To understand why, it is necessary to have a clear grasp of the problem facing Waka Kotahi NZ Transport Agency, the Crown entity responsible for managing the land transport network. In its briefing to Brown last November, the Transport Agency noted the “current funding situation sees much of the planned future investment currently under or unfunded”. Over the next decade alone the Transport Agency says it will have to invest about twice as much as it expects to receive in revenue. This results in an estimated funding shortfall of $4 billion to $5 billion annually.

As the briefing note makes clear, the magnitude of this funding gap raises urgent concerns about the viability of the revenue model that helps pay for New Zealand’s roads, rail, public transport, and other essential transport services. In other words, the current set-up is simply unsustainable.

This is where road pricing comes into the picture.

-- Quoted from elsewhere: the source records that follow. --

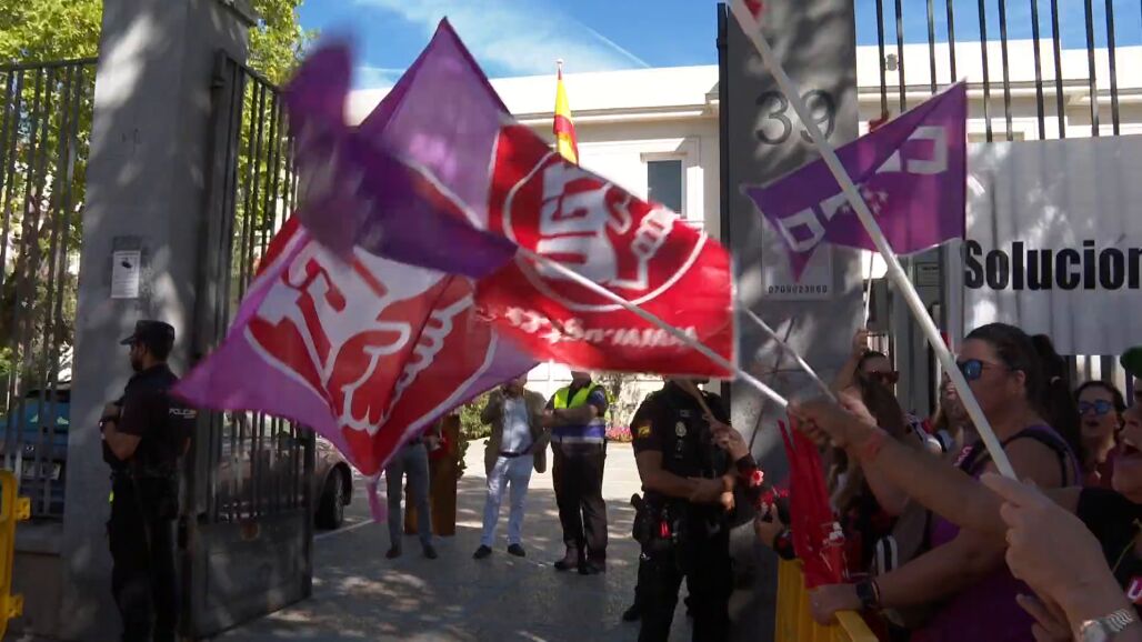 Los trabajadores externos del servicio telefónico de la Seguridad Social están este lunes en huelga. A escasos días de que su contrato dé por finalizado, y sin saber cuál será su futuro, se han concentrado frente al Ministerio de Seguridad Social con el apoyo de sindicatos como CCOO o GGT -este último, precisamente, es el sindicato que preside el comité de empresa-.
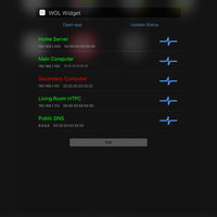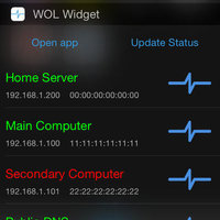 WOL Widget is a very simple and straightforward tool to power on your computers on your local network (LAN). You don't even need to open the app, as it's right there as a widget in the Notification Center (Today View), with a quick glance you know wether a computer/host is On or Off, and just a tap to wake it up!
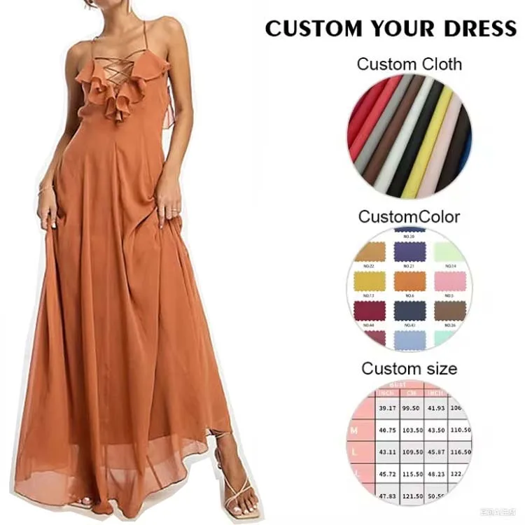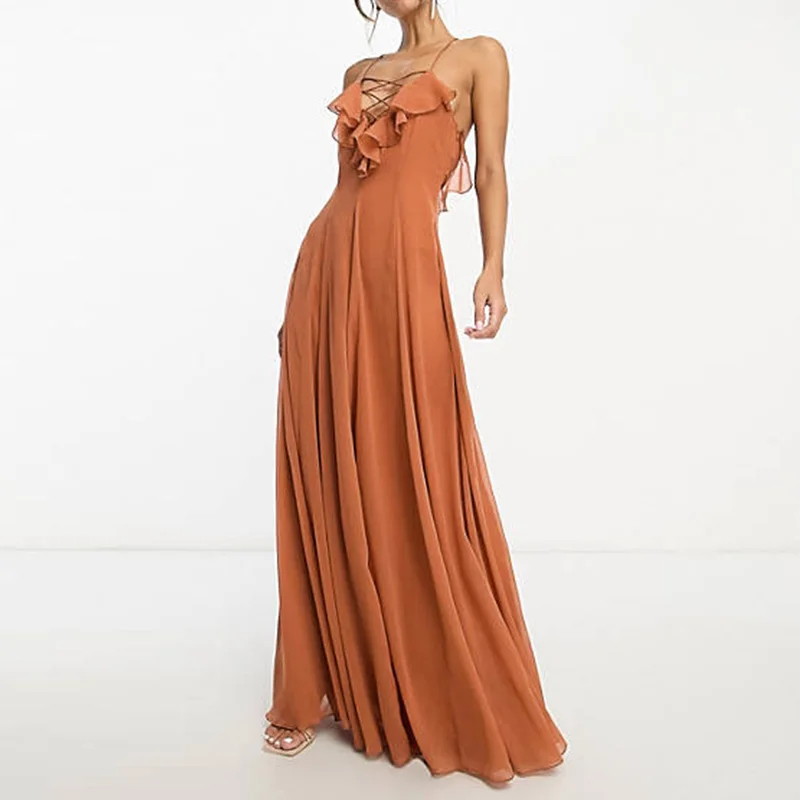 New Vintage Arrival Women's Plunge Neck Lace up Ruffle Front Backless and Tie Back Rust Cami Maxi Dress
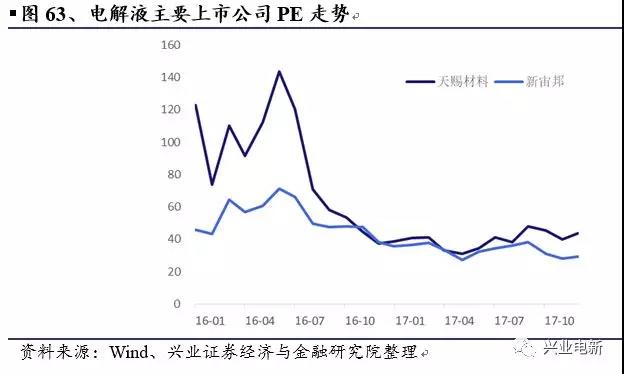 從下圖可以看出,主要業(yè)務(wù)為電解液的兩家上市公司天賜材料及新宙邦的PE均于2016年的5-6月份達(dá)到高峰,之后迅速下滑,2017年處于盤整期。
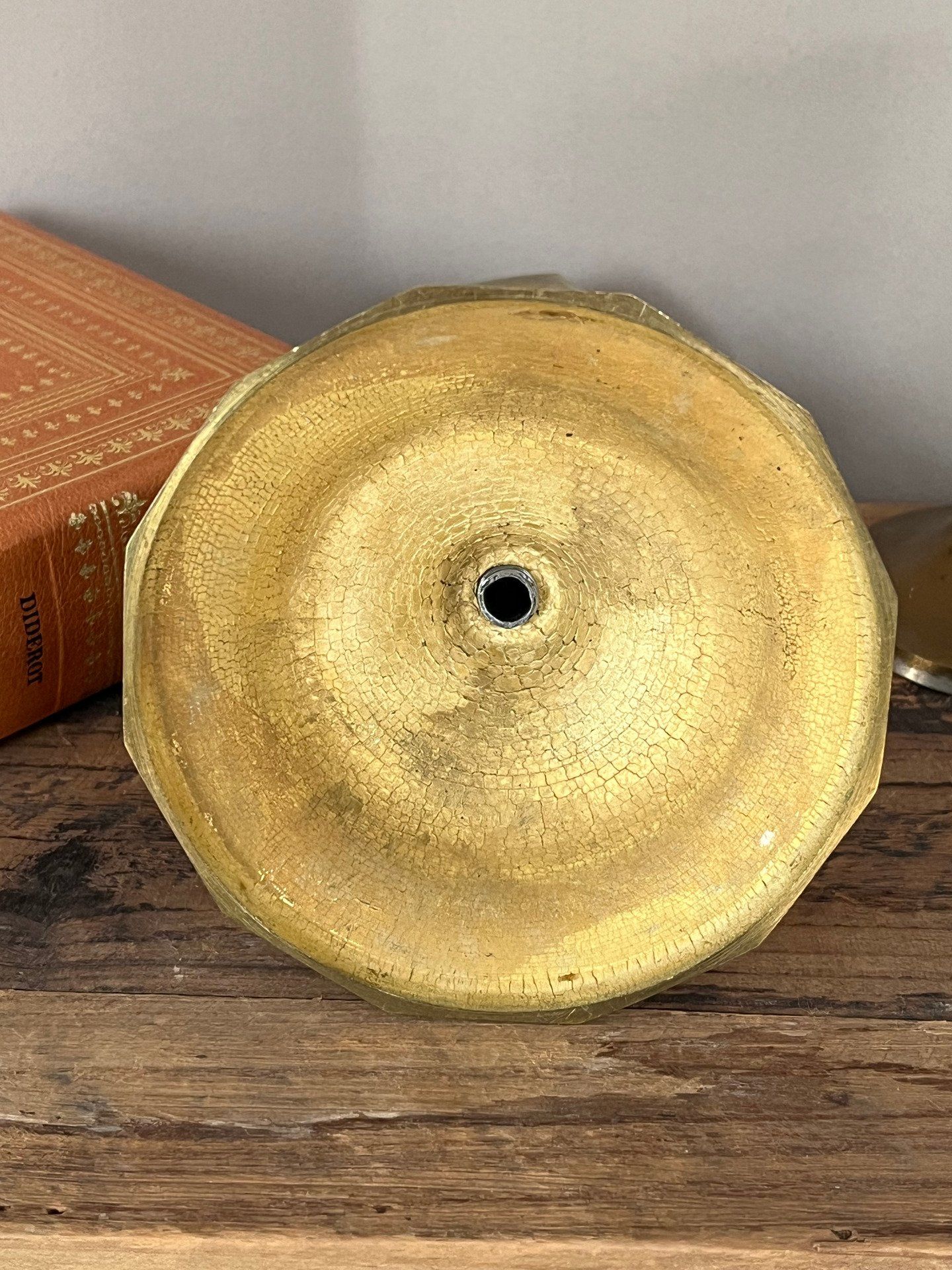Bougeoir ancien en laiton massif à la patine dorée
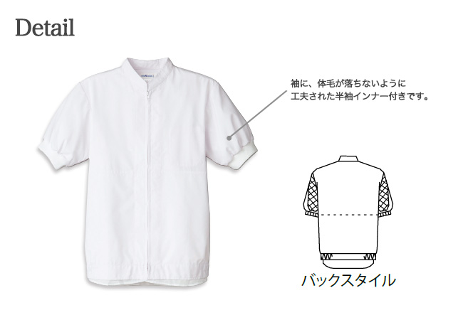 - 抗菌、制電、左胸内ポケット付き、セミオートコイルファスナー、マジックテープ(横付け)、異物混入対策仕様トップス、袖口フライス仕様、インナー半袖

Road pricing – a system where road users pay charges based on mileage, time of use, route, and vehicle type and weight – can encourage more efficient use of the transport network and alleviate congestion. Additionally, it can provide valuable insights into road user behaviour, enabling transport officials and politicians to make better-informed decisions regarding future investment.

There is nothing remarkable or novel about road pricing or tolls. Indeed, Adam Smith, the father of modern economics, observed in 1776 that it seemed “scarce possible to invent a more equitable way of maintaining” a road network. Transport economists have not conjured a better model since.

However, it is not just economic theory that supports road pricing. Countries as diverse as Austria, Singapore and Sweden have all implemented road pricing to great effect, and Iceland, in a world first, is exploring how to extend road pricing to cover all vehicles.

Though New Zealand’s Road User Charge system is more developed than comparable systems in Australia and the United Kingdom, we should follow in the footsteps of Iceland by including the entire fleet.

Currently, drivers of light diesel vehicles and heavy trucks pay a distance-based charge. The revenue generated from these charges contributes billions of dollars annually to the National Land Transport Fund, helping cover vehicle depreciation and general road maintenance costs. From April 1, owners of electric vehicles will also need to buy and display an RUC licence.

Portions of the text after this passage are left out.